I've given a couple of examples of good console save systems and bad PC ones, but this isn't to
say that all PC saving mechanisms are bad and all console ones good. They aren't. But I do think
that game developers really ought to think about what effect their save systems will have on the
games they are creating. Will a save-anywhere system really up the challenge by allowing some
really difficult tasks to be inserted into levels, or will it just result in constant trial and
error until something works? Will forcing players to do an entire level without saving require
constant concentration and skill, or will it make players overcautious and put too much pressure
on them? These questions ought to be asked by designers, and in many cases it's painfully clear
that they either haven't been, or have been answered wrongly. At the very least, I would like to
see far fewer of the games allowing constant saving, and other options investigated: perhaps only
allowing a save after a successfully completed objective, or just before or after a difficult
section of a level?
In summing up, the expansive and lengthy games of today really do need a save system of some
sort if they aren't to be cut back in scale or nigh-on impossible to complete, but that
doesn't mean that either completely-free or completely-restricted saving is the best option.

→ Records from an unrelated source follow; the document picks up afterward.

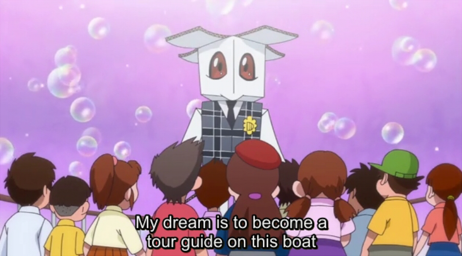 One word: sublime. This is the unequivocal zenith of digimon design. It cannot, has not, will never get better than these cardboard boxes in the shape of a little dude. Not even any other conceivable little dude of cardboard boxes could ever exceed the splendor on display here. The fact that it offers a cute digimon kitty-cat eye on one side but a terrifying bakemono's eye on the other. How the top of the box head is open but we don't get to see what's even in there, if anything. The one random box that's gift-wrapped. The duct tape. The dents that evoke "teeth."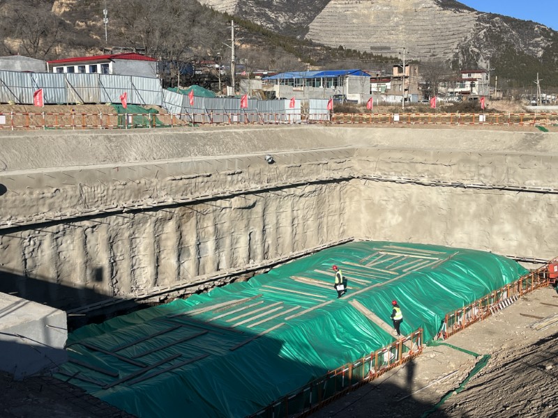 項目部組建專項指揮工作組,進行全方位、全流程精細化管理,重點防止出現(xiàn)混凝土水化熱過高、內外溫差較大,導致結構產生裂縫的情況。前期重點優(yōu)化混凝土設計配合比,從原材優(yōu)選入手,減少混凝土水化熱影響;中期采用分層分段澆注方式,保證混凝土澆筑連續(xù)性,嚴格把關鋼筋及模板拉桿連接、冷卻水管位置等細節(jié)質量,確保澆筑質量達標;同時在混凝土內部及表面布置測溫點,及時觀察記錄溫度變化,為澆筑施工提供堅實保障;后期進行毛毯覆蓋灑水養(yǎng)生、內設循環(huán)冷卻管路,嚴格控制水的流量流速,流量范圍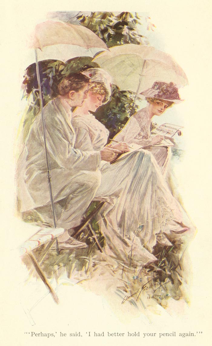 So he rented a suite of two rooms on Central Park West, furnished them with what remained from better days, bought the necessary paraphernalia of his profession, and immured himself for practice before entering upon his contemplated invasion of Newport, Lenox, and Bar Harbor. And one very lovely afternoon in May, when the Park from his windows looked like a green forest, and puff on puff of perfumed air fluttered the curtains at his opened windows, he picked up his gloves and stick, put on his hat, and went out to walk in the Park; and when he had walked sufficiently he sat down on a bench in a flowery, bushy nook on the edge of a bridle path.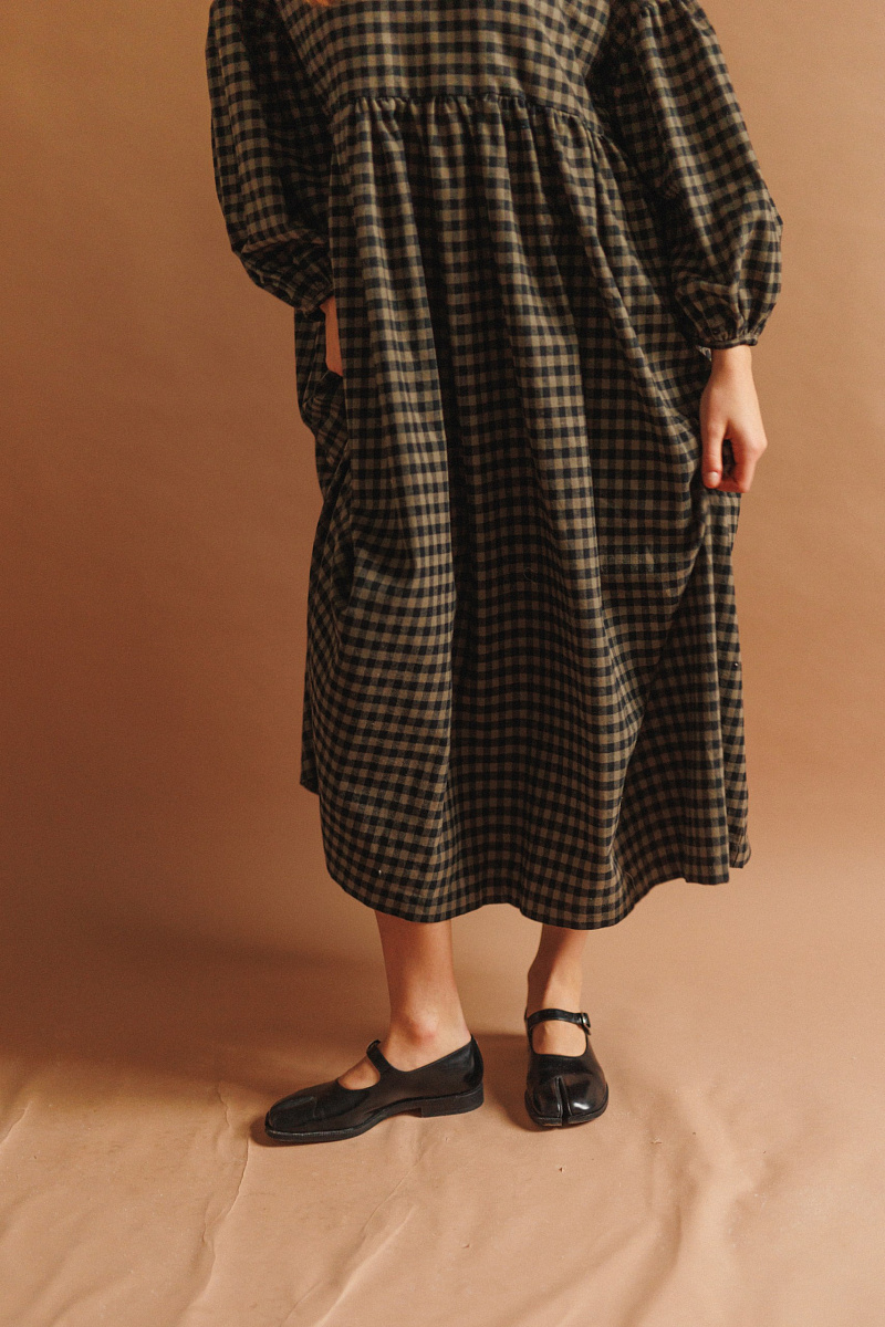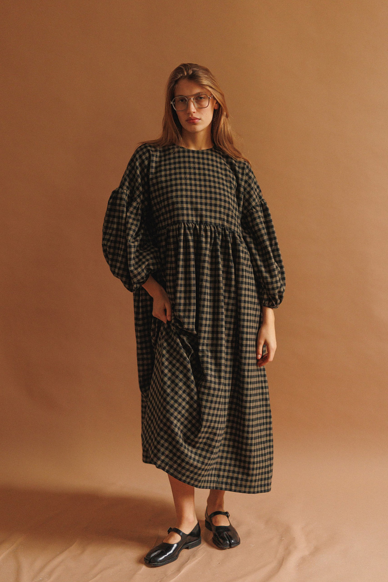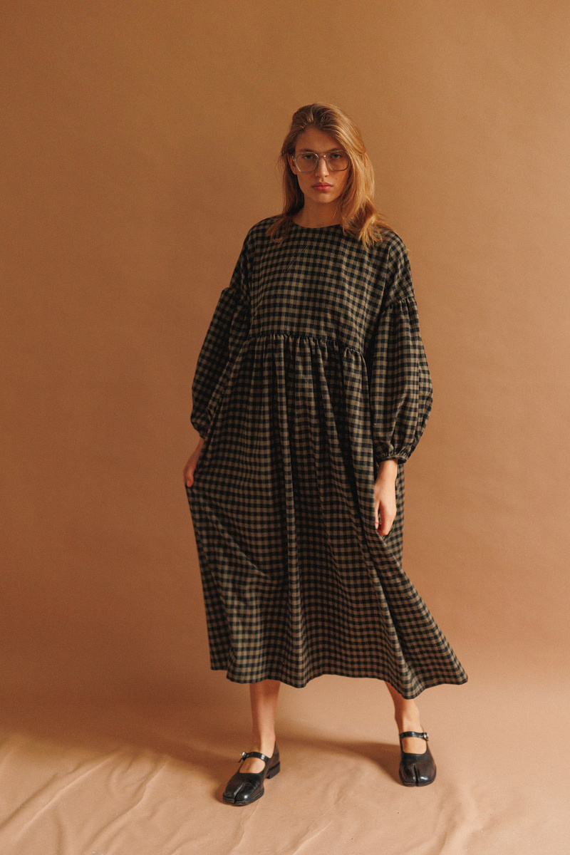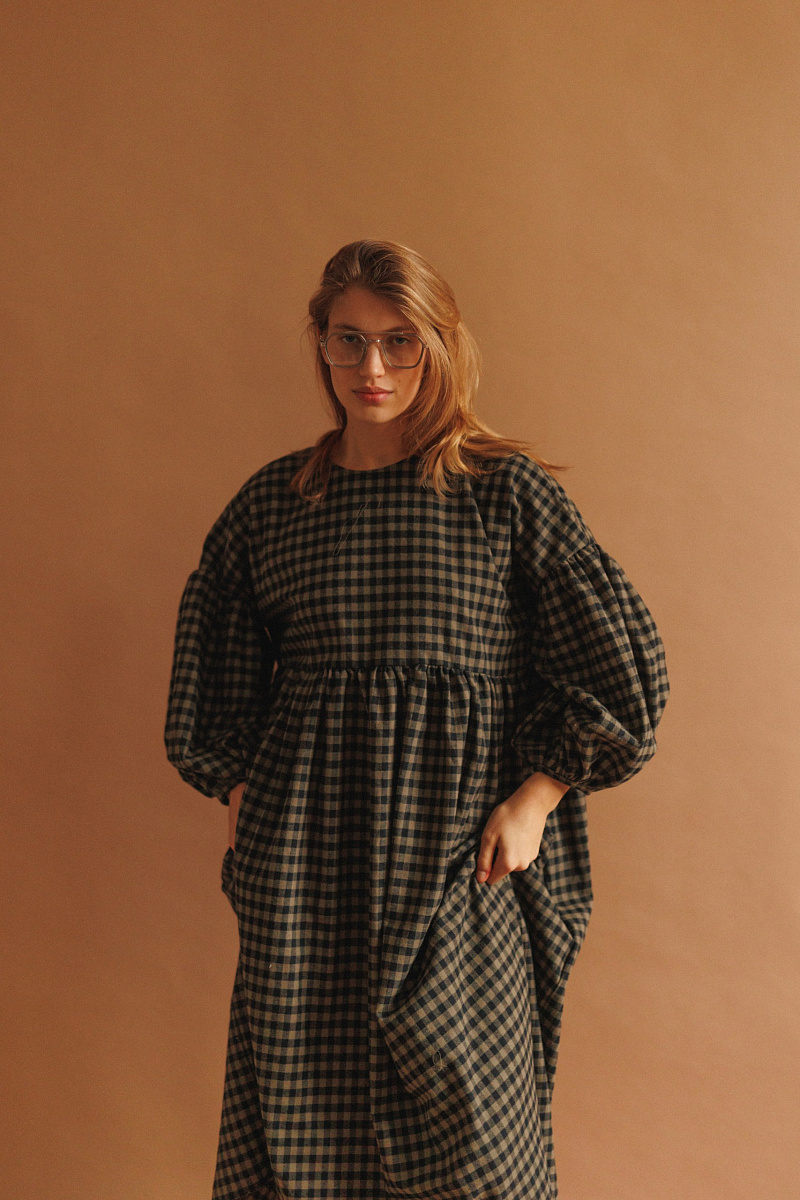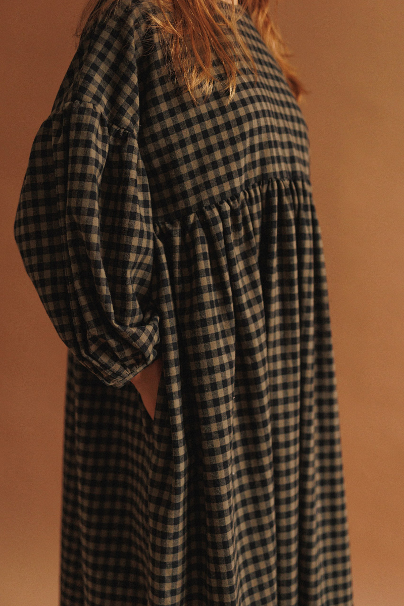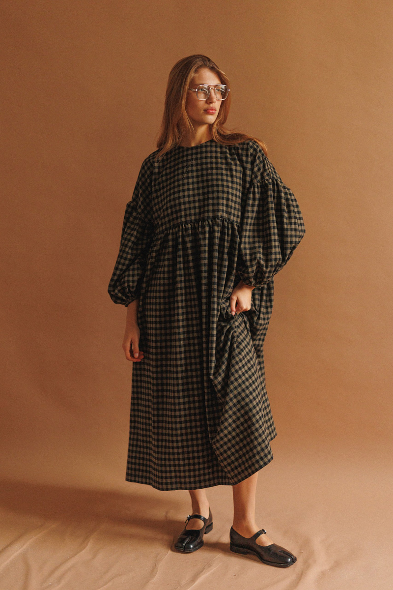 Под заказПлатье фасона оверсайз выполнено из мягкой фланели в клетку. Сзади на спинке имеются пуговки.

Each distinct game ought to have a well-planned and executed saving system, and developers ought
not to be afraid to try something new if they think it'll work for their concept. But as I said
in a previous editorial, just don't go too far...
Tangycheese's response:
There's nothing quite as annoying as having to do the same level again
and again everytime you play a game. Anyone who bought Lylat Wars
on the N64 will know exactly what I'm talking about. A game's save system is all-important,
because how, and when, you are able to save directly influencea the challenge of a game. Too much,
such as in JK2, and any puzzle can merely be continually repeated until it's done right. Too few,
and frustration will set in whenever you die, which will greatly detract from the game's playability.
TimeSplitters 2 is an excellent example of a save system well done. Strangely I have no
real difference in opinion with Mav on this one. There have been too many games which have
been nearly ruined by a dodgy save system in the past, and great care needs to be taken
to ensure this does not continue on future console and PC games.